I dati disponibili parlano di un trend in crescita. Parliamo del Museo del Sannio che nel 2015 ha avuto 8645 visitatori e 12613 nel 2019. Un aumento costante negli anni che racconta di un appeal territoriale su cui si può investire e lavorare. Il tema a nostro avviso, però, non è la quantità di persone che giungono nel Sannio, ma anche la qualità del servizio che viene offerto.

In questo senso è meritorio, oltre che di grande valore, il progetto portato avanti da Comune, Provincia, Diocesi ed altri Enti per la creazione di un biglietto unico della rete museale cittadina e gli accordi con Artecard: si tratta di un passaggio fondamentale per la creazione di una rete tra i siti presenti sul territorio che è la base dalla quale partire.

A questi passi delle amministrazioni, però, vanno aggiunti quelli dei privati. La promozione di un territorio si allarga a 360 gradi e comprende non solo i monumenti, ma tutta la storia di una città. Negli ultimi anni è sempre più diffuso il concetto di esperienza legato al mondo di prodotti e servizi: venire a Benevento deve significare ammirare i nostri monumenti e, contemporaneamente, assaporare l’intero ‘Sannio’. Le streghe e la Strega, ma anche la falanghina, l’aglianico, la marchigiana del Fortore e moltissimi altri prodotti devono farsi trovare pronti ad ‘accogliere’ i visitatori.

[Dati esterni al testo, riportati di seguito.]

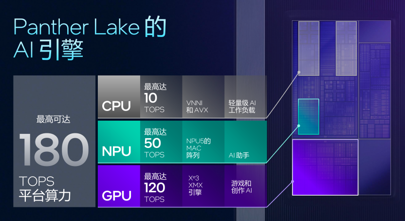 Panther Lake 的 SoC 整体算力达到了 180TOPS,其中 CPU 贡献 10TOPS,NPU 贡献 50TOPS,GPU 贡献 120TOPS。这种多引擎协同的架构设计,使得 Panther Lake 能够根据不同负载的需求,灵活调配计算资源,实现 1+1+1>3 的协同效应,为用户带来更智能、更高效的计算体验。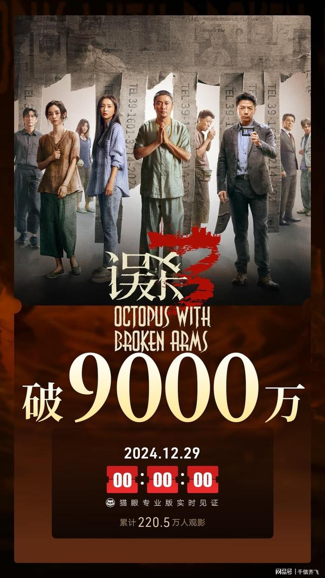 【影讯】《误杀3》是由陈思诚监制,甘剑宇执导,肖央、佟丽娅、段奕宏、刘雅瑟领衔主演,王龙正、冯兵、周楚濋、徐诣帆主演,高捷、尹子维特别出演,张榕容、卢慧敏友情出演的剧情悬疑犯罪电影,是《误杀》系列电影的第三部,该片侧重展示人性的复杂,讲述了富豪郑炳瑞邀请老师李慧萍为8岁女儿婷婷庆祝生日,其间婷婷被绑架。警官张景贤带队侦办绑架案,消息泄露,在绑匪威胁下,郑李二人只能甩掉警察自己营救婷婷。随着深入调查,所有真相逐渐揭开,陷入绝境的父亲和玩弄人心的绑匪展开了一场与虎谋皮的角力,潮水之下皆是暗涌的故事。影片于2024年12月28日(今天)上映,上映首日票房超过8600万人民币,截止发文时间票房突破9000万人民币,口碑爆棚微博大V推荐度高达98%,业内人士刘昊然、文咏珊、等纷纷力挺!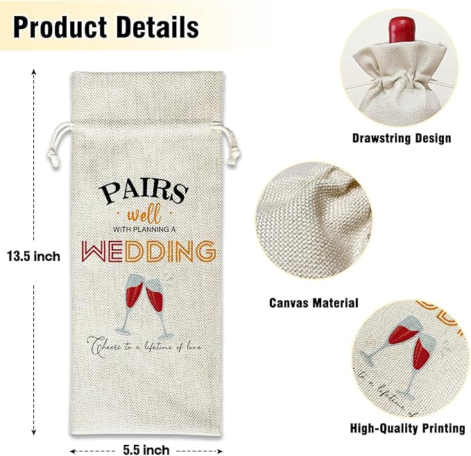 Wine Canvas Bag, Wedding Wine Gift Bag, Wedding Gift for Bestie Bride Groom Couples Wine Bags for Wine Bottles Gifts, Wine Gifts With Drawstring Wedding Engagement Bridal Shower Party Decoration -WB14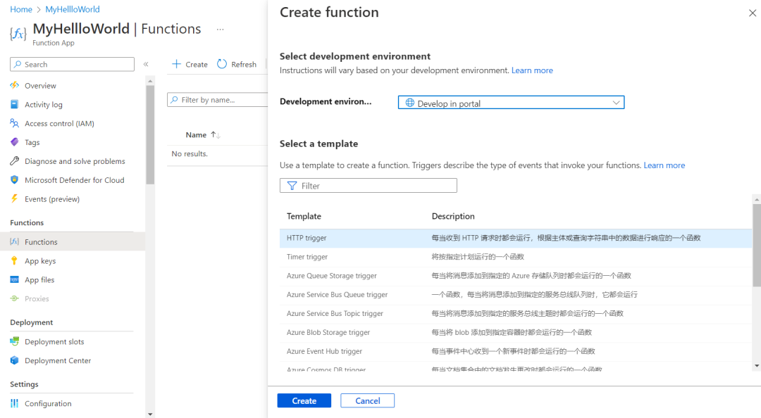 在Function App的上下文菜单内,创建一个function,选择HTTP Trigger,当你函数对应域名收到HTTP事件(GET,POST,UPDATE,DELETE)时函数会被执行,同时我们看到有大量的其他非HTTP事件可以订阅,比如:定时器执行函数或是每当消息被添加到RabbitQ时运行的函数等: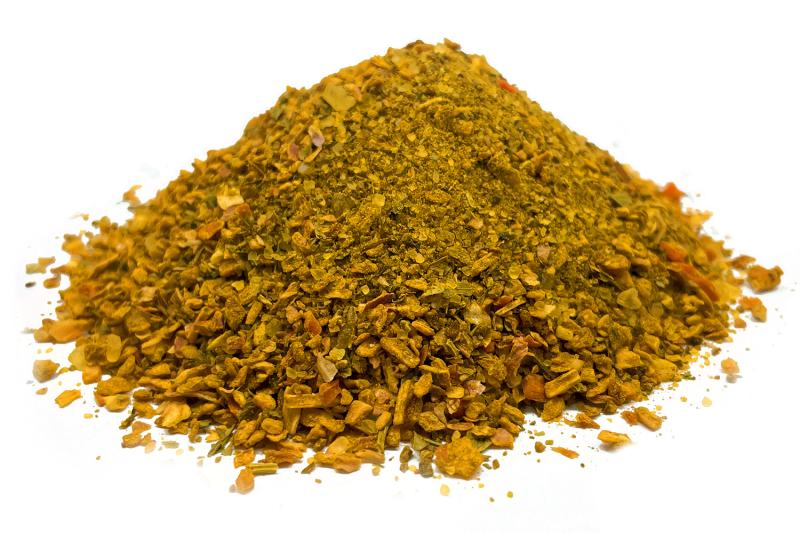 Typická receptúra stojí na cibuli a korení (čiernom a zelenom), ktoré dopĺňa paprika a kari; výrobcovia často pridávajú aj trochu petržlenu a stopové množstvo rastlinného tuku pre lepšie rozptýlenie vôní. Čierne korenie prináša plnú, „teplú“ korenistosť, zelené dodá ľahko bylinnú sviežosť. Sušená cibuľa sa pri tepelnej úprave rozvonia do tónov pripomínajúcich pomaly restovanú cibuľku – zmes tak pokrmom prepožičia pocit poctivého základu aj bez dlhej prípravy.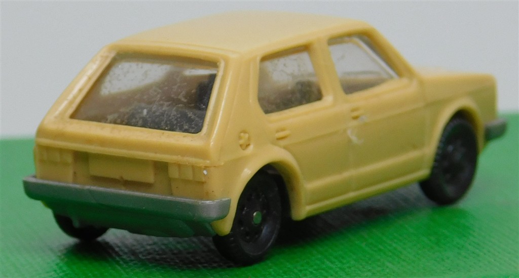 A Fleischmann H0 scale pale yellow Volkswagen Golf car, faded otherwise in fair condition, no original box
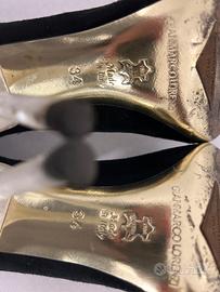 Décolleté nero scamosciato con bordatura color oro e tacco in simil madreperla, tacchetti di ricambio Gianmarco Lorenzi.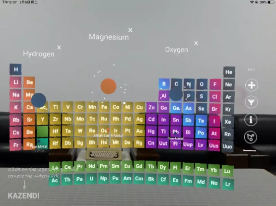 而现在,"MyLab"程序打造一个可视化元素周期表,填补教科书和实验之间的空白。学生们不仅可以直观地看到3D的元素周期表的规律与排列,基于手势交互,还可以和单元素互动,观察多元素结合反应后的效果。

Abbiamo a più riprese sollecitato e raccontato con la Camera di Commercio la nascita dell’Enoteca dei vini del Sannio e della Campania, che dovrebbe essere ospitata nel prestigioso Palazzo di piazza Federico Torre, di proprietà dell’Ente e che attualmente è oggetto di lavori di riqualificazione. Ma il concetto si lega anche alle attività di ristorazione e bar che potrebbero utilizzare e sponsorizzare i prodotti made in Sannio. La collaborazione pubblico-privato appare, dunque, fondamentale: con la mano pubblica in grado di sostenere e facilitare il compito degli imprenditori e con questi ultimi impegnati a loro volta a migliorare servizi essenziali per un settore che può e deve crescere ancora molto.

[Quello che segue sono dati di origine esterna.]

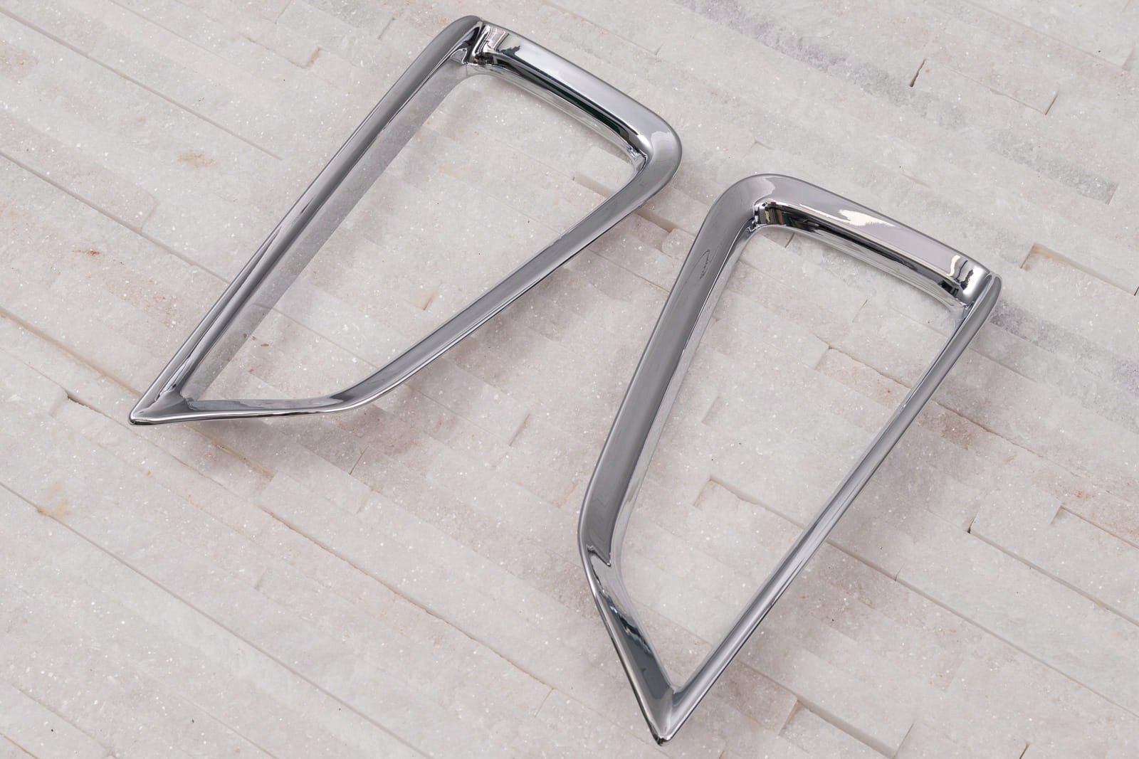 Виріб виготовлено з високоякісного хромованого ABS-пластику. У комплект входить набір з двох галогенних чохлів.

E’ un lavoro dal quale non si può prescindere: chi pensa che Benevento possa avere risultati solo grazie alle sue bellezze storiche e paesaggistiche è fuori strada. Accanto a questo, ovviamente, ci sono gli eventi culturali che devono rappresentare una ulteriore occasione di promozione territoriale e non il fulcro di una strategia di crescita.

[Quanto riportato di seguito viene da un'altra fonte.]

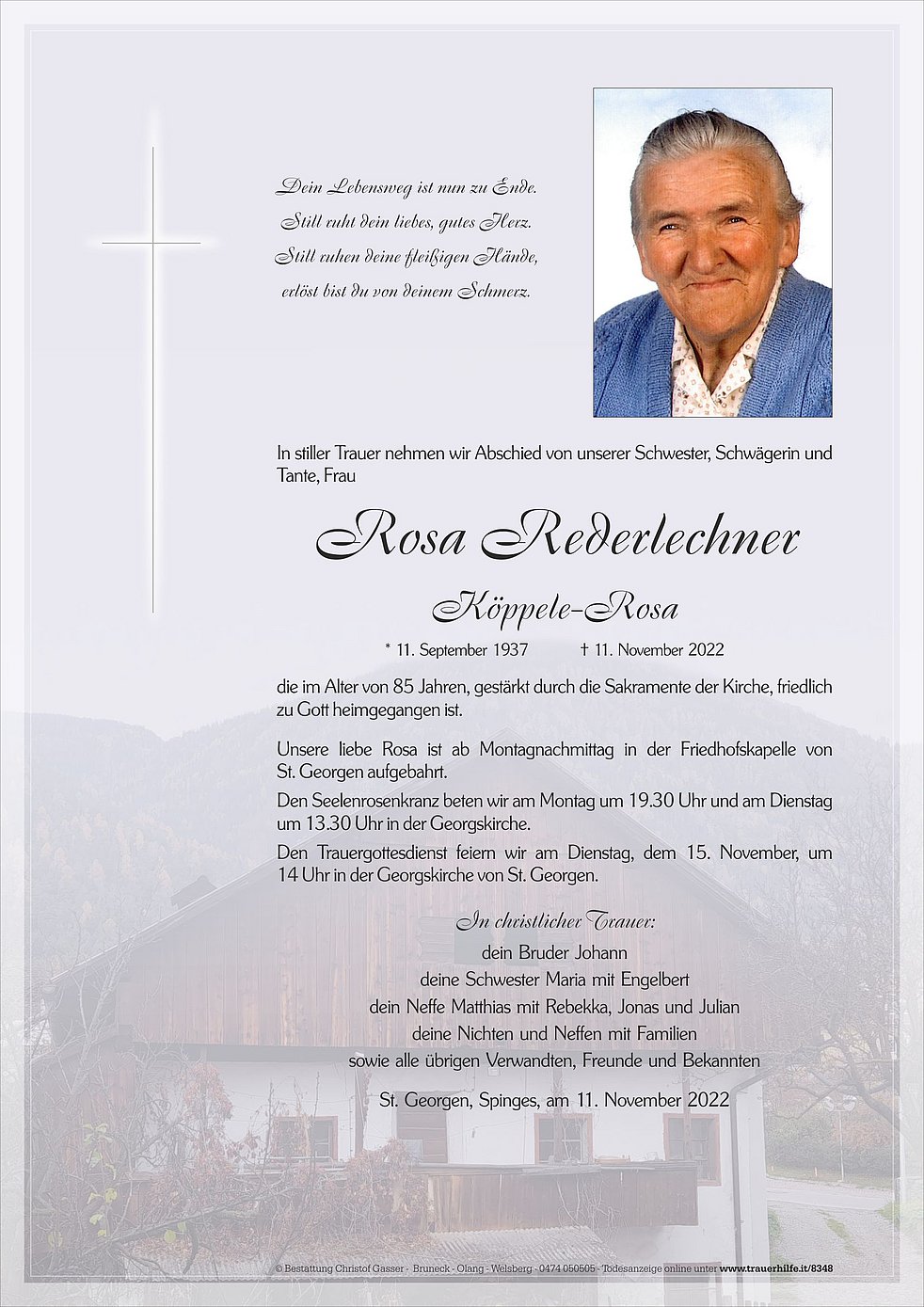Als Ältestes von drei Kindern kam Rosa beim Köppelehof in St. Georgen zur Welt und wuchs dort mit ihren beiden Geschwistern Hansl und Maria auf.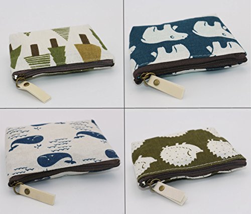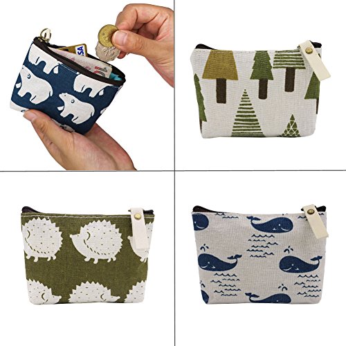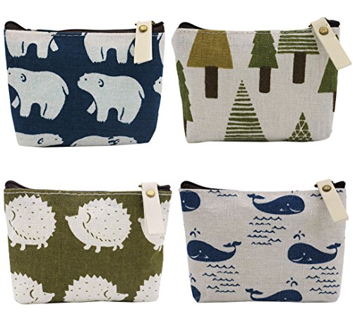 SOOKOO Animal Canvas Change Coin Purse Wallet Bag Gift with Zip and Liner, Pack of 4

Sono passati 10 anni dal riconoscimento Unesco, eppure oggi le aspirazioni di sviluppo del Sannio appaiono più che mai reali. I fattori sono molteplici: infrastrutture attese da anni e che a breve potrebbero collegare agevolmente il territorio; il covid che, una volta superato, potrebbe far preferire territori più piccoli come il nostro ai grandi centri ed anche la presenza di manifestazioni di respiro nazionale, uniche nel loro genere e capaci di attrarre visitatori e appassionati di settori diversi.

La sfida che ci attende è questa: collaborare per crescere come comunità. Arroccarsi sulle singole posizioni non serve a nulla, cultura e turismo sono aziende che vanno curate nei minimi dettagli. Lo fanno in molti, possiamo farlo anche noi.